PROBLEM STATEMENT ▸ Every line from the one holding "bordino senza polvere." through the one holding "HYMOKEGE Burnt Orange" in the data below must be returned exactly, both ends included, with pictures left out and nothing else added.

MATERIAL TO PROCESS ▸

::::::::::

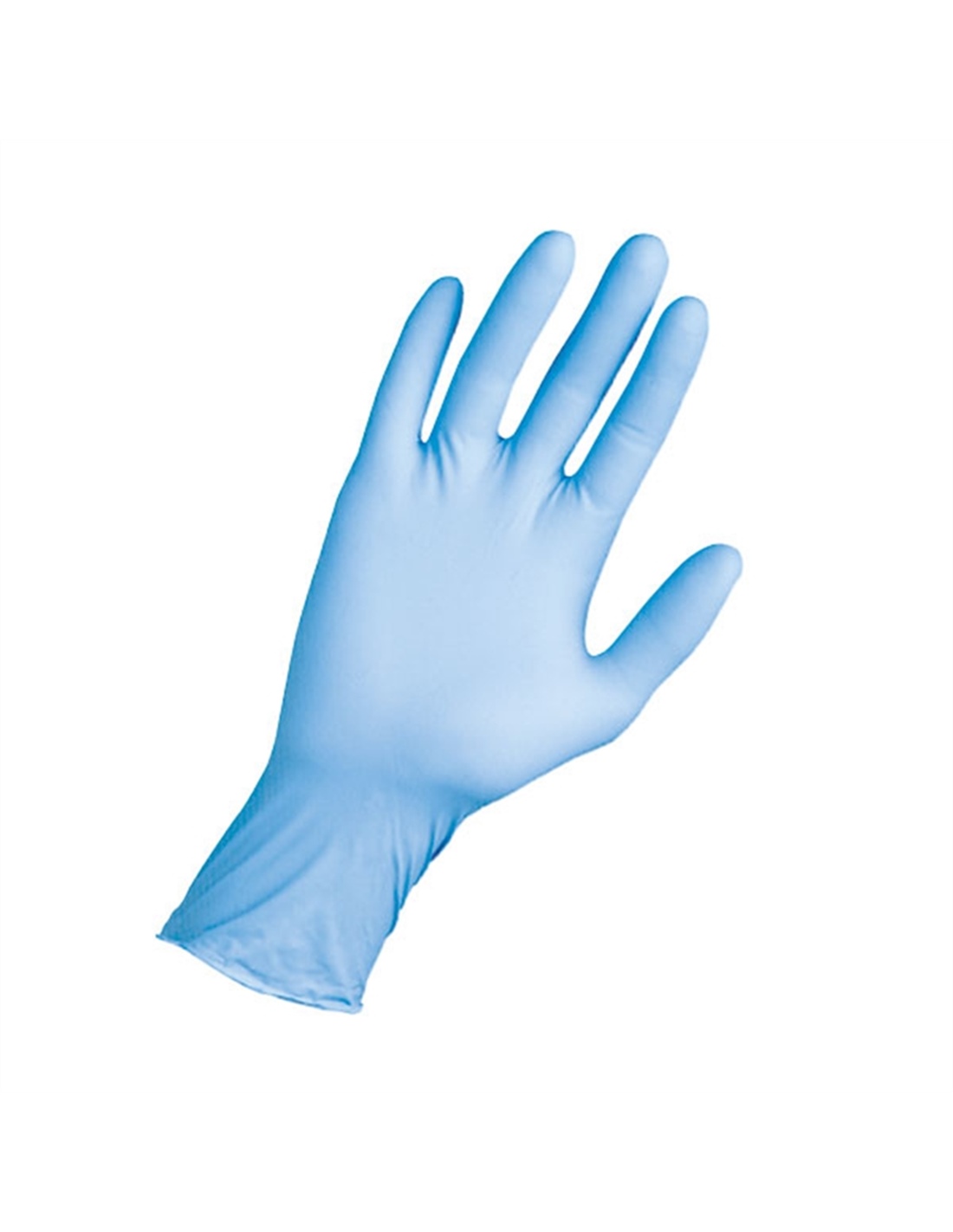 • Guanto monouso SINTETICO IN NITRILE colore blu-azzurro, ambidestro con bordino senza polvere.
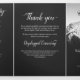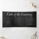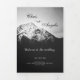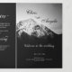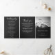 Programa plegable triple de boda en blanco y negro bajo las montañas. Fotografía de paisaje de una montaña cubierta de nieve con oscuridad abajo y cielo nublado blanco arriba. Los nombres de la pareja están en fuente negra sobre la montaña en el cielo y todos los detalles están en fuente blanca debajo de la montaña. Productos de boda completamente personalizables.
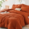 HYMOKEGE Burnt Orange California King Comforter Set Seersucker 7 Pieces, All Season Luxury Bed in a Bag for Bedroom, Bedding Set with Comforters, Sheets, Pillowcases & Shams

::::::::::

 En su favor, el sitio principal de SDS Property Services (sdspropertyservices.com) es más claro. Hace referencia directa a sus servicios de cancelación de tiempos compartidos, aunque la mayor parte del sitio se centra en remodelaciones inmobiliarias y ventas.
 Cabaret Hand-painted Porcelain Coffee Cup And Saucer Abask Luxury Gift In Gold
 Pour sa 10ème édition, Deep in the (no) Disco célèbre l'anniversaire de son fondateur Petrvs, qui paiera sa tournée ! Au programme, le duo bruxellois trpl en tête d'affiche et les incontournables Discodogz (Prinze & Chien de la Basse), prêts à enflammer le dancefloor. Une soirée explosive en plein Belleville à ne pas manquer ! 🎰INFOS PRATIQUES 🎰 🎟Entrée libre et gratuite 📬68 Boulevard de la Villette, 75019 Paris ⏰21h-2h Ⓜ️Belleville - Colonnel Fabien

::::::::::

SOLUTION FOR THIS TASK ▸
 • Guanto monouso SINTETICO IN NITRILE colore blu-azzurro, ambidestro con bordino senza polvere.
 Programa plegable triple de boda en blanco y negro bajo las montañas. Fotografía de paisaje de una montaña cubierta de nieve con oscuridad abajo y cielo nublado blanco arriba. Los nombres de la pareja están en fuente negra sobre la montaña en el cielo y todos los detalles están en fuente blanca debajo de la montaña. Productos de boda completamente personalizables.
 HYMOKEGE Burnt Orange California King Comforter Set Seersucker 7 Pieces, All Season Luxury Bed in a Bag for Bedroom, Bedding Set with Comforters, Sheets, Pillowcases & Shams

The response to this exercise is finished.